On Dec. 4, at 5:43 p.m., police responded to a home on the 800 block of Walnut Street, and found several neighbors agitated and upset, according to the criminal complaint.
Scheetz told police that she was speaking with Zwolinski on the sidewalk in front of her home on the same block of Walnut Street. Suddenly, they heard Zwolinski's dog yelp from his front yard, located about four houses down, according to the affidavit.
Scheetz told police Zwolinski went to see what was happening and found his dog had partially escaped from behind his fenced-in yard, according to the complaint.
Police said Scheetz told them that Zwolinski allegedly saw a blonde tabby cat in his yard.
Zwolinski said "F-cking cat," and allegedly kicked the cat three feet off the ground, police said.
Zwolinski allegedly stomped the cat six times, police said. The cat tried to run away, but Zwolinski allegedly kicked it again and yelled, "I want that f-cking cat out of here!" police said.
Scheetz testified Tuesday that the cat was on Zwolinski's doorstep, and she initially thought it was her cat, Carmel.
"He kicked it again and it hit the doorframe," Scheetz testified, "and he stomped it three more times."
Scheetz told Zwolinski to stop, but he didn't, police said. He kept asking Scheetz if it was her cat, and she told him it wasn't, police said.
"He said, 'Is this your f'ing cat?' and I said 'Shut up and leave me alone. It doesn't matter whose it is,'" Scheetz testified Tuesday.
Another resident told Scheetz and Zwolinski that the cat belonged to her mother, Margaret Dawson, police said.
Dawson's daughter told police that the cat — Blondie, aged 15 — rarely got out of the house and that it was declawed, police said.
"The cat was bleeding from his face," Scheetz testified. "I called my son to come out and we got a neighbor to identify the cat. It was hissing and growling at me. It was breathing heavy and crying."
Dawson took Blondie to Aark Animal Hospital in Hilltown, which resulted in $449 in medical treatment, police said.
The cat was diagnosed with a bloody mouth and pain to its ribs, police said.
Dawson testified Tuesday that she was not around at the time of the incident. She said she took the cat to the vet for treatment and medication. Owens provided evidence in the form of MRI copies, a written diagnosis and copies of the bill and receipts fo payment.
"Blondie was put on a 48-hour death watch," said Dawson at the hearing. "He couldn't sleep. He stood up all night long. I dropped him off at the vet, so they could watch him while I was working. They gave him pain medications."
Dawson said, by the next week, Blondie was dragging his leg and couldn't lay down.
"He stood up sleeping for about a week," she said at the hearing. "The vet told me in all probability, because of his age and severity of the injuries to his kidneys and lungs, he could go into early kidney failure."
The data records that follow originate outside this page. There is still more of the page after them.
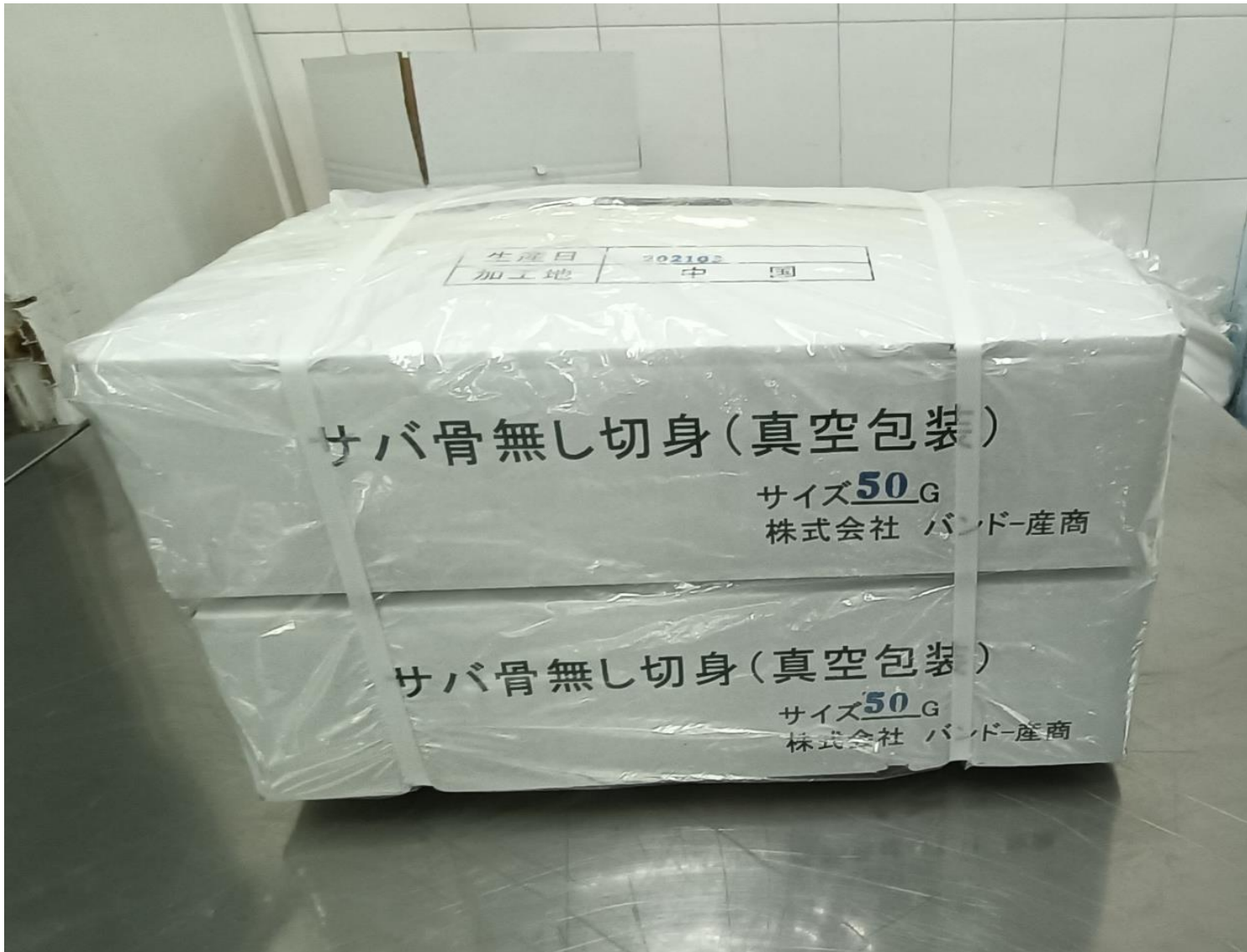
外装正面 (6KGS X 2合)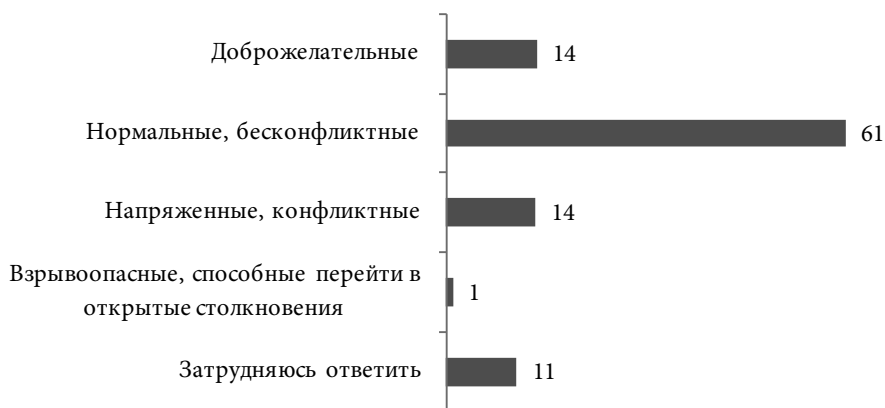
Рис. 1. Оценка межнациональных отношений в РС(Я), 2020 г., %

На фоне общероссийских данных оценки межнациональной ситуации, сложившейся в Республике Саха (Якутия), выглядят достаточно благоприятно (рис. 1).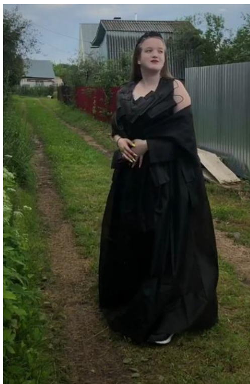
Образ «Черная корона»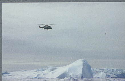
Lynx helikopter på arbejde i Grønlands farvand.

Der er lige nu, men også i en overskuelig fremtid et stort og stadig stigende behov for eskadrillens kerneydelser, som er skibsbase-rede helikopteroperationer. Alene antallet af nye flådefartøjer med helikopterdek kombineret med et stadigt større politisk ønske om tilstedeværelse i både Nordatlanten og i Aden-bugten peger på, at eskadrillens særlige kompetence ikke umiddelbart bliver overflødig. Tværtimod. Derfor er der både behov for at få ansat medarbejdere til at fylde hullerne i organisationen og behov for at producere flere flyvetimer, så nye besætningsmedlemmer og teknisk personale kan blive uddannet og trænet. - Og set i det lys er det bestemt væsentligt og rigtigt godt, at der synes at vise sig en tendens til, at vi kan udnytte de samme timer bedre, siger TUR.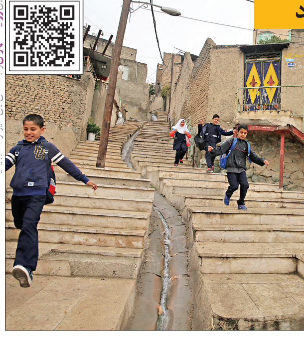
این روایت تهران را با اسکن این کیو آر کد ببینید.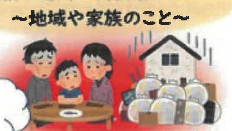
～地域や家族のこと～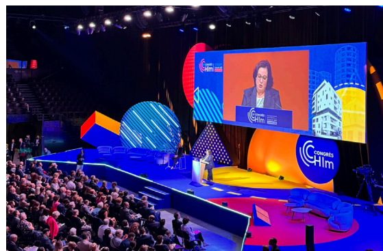
Durant la séance officielle d'ouverture, Emmanuelle Cosse, Présidente de l'USH a pris la parole.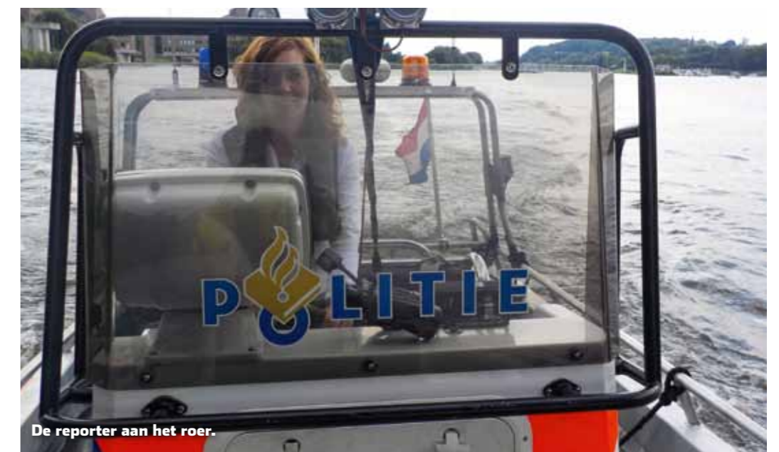
De reporter aan het roer.

Op de terugweg overvalt Frans me met de vraag of ik geen zin heb om ook nog een stukje te varen. Daar zeg ik natuurlijk geen nee tegen. Wat een kick om een politieboot te besturen! Vervolgens is het helaas al snel weer tijd om terug te keren naar Jachthaven Pietersplas. Onze controletocht zit erop. Wat een fantastische ervaring!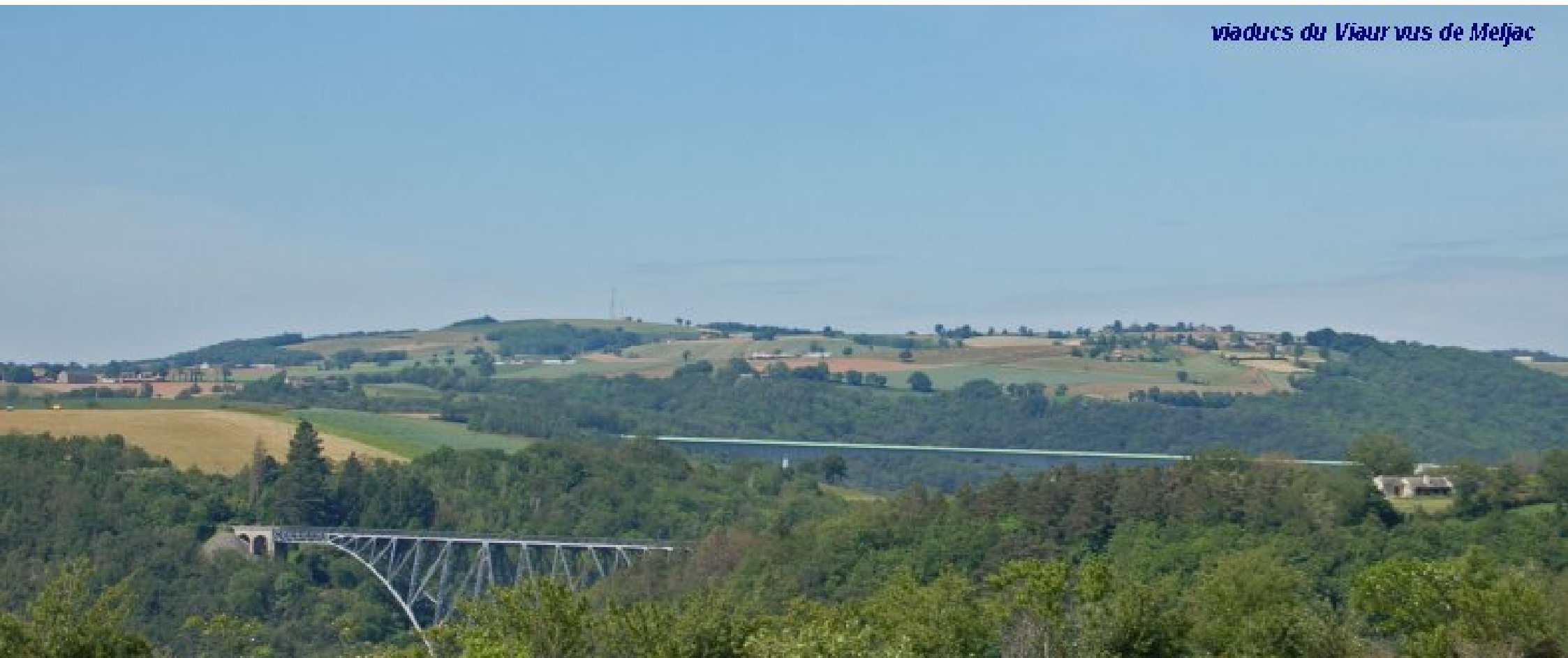
viaducs du Viaur vus de Meljac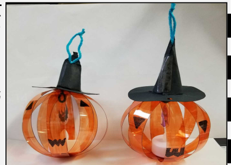
サンプルはスタッフルームに飾ってあります。

★材料の個数把握のために必ず申込みをしてください。申込みが無い場合は、参加できませんのでご了承ください。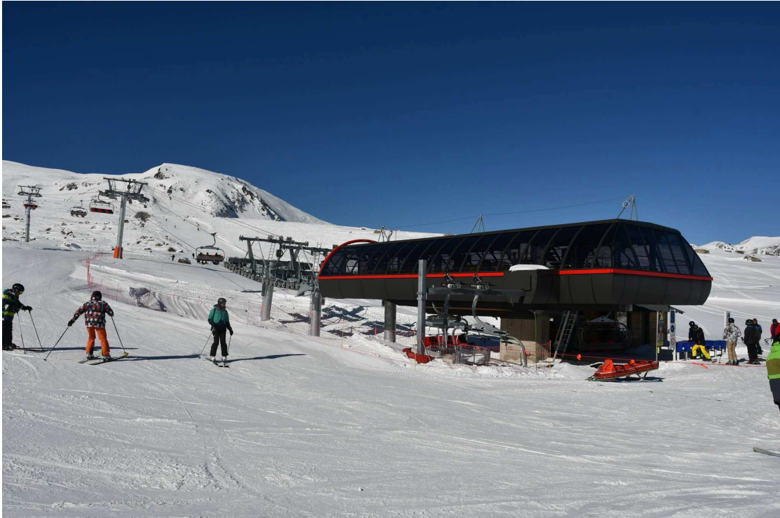
El nuevo telesilla de La Mine de Porté ha sido la estrella de los remontes del pasado invierno en Trio-Pyrénées.

El forfait conjunto de Porté Puymorens, Formiguères y Cambre d’Aze sigue siendo uno de los más competitivos del Pirineo, a pesar de que ha subido 16 euros el de adulto y 30 euros el infantil en comparación con el año pasado.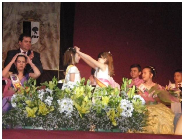
Coronación de Romeras y Damas de Honor Infantil y Juvenil.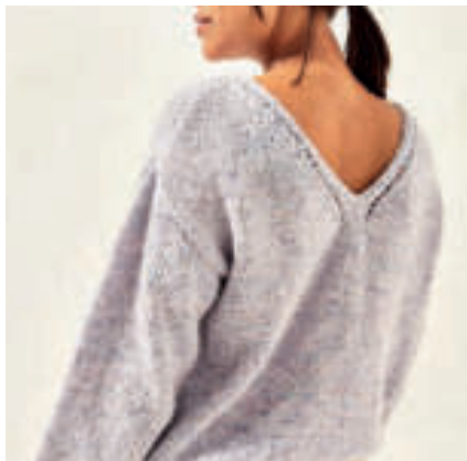
Le pull PHIL RAINBOW & LIGHT

She said Blondie, who she has raise since he was eight weeks old, has been using his litter box more and drinking water more, but he is an "old kitty."
"His mouth was all torn up and swollen," she said.
Zwolinski's public defender John Chambers asked if Blondie was "just a pet" and "not a service dog or anything" like that. Dawson said no, he was a pet.
Dawson told Chambers that she was "taking the vet's word" when it came to treating Blondie with pain medications.
Borek said the incident met the definition of animal cruelty, and held the misdemeanor charge for trial.
"It's not a killing, but there was testimony of close to death," Borek said.
After the hearing, Dawson said she felt justice is being done.
"He's not 100 percent," she said of Blondie, "but he's doing good."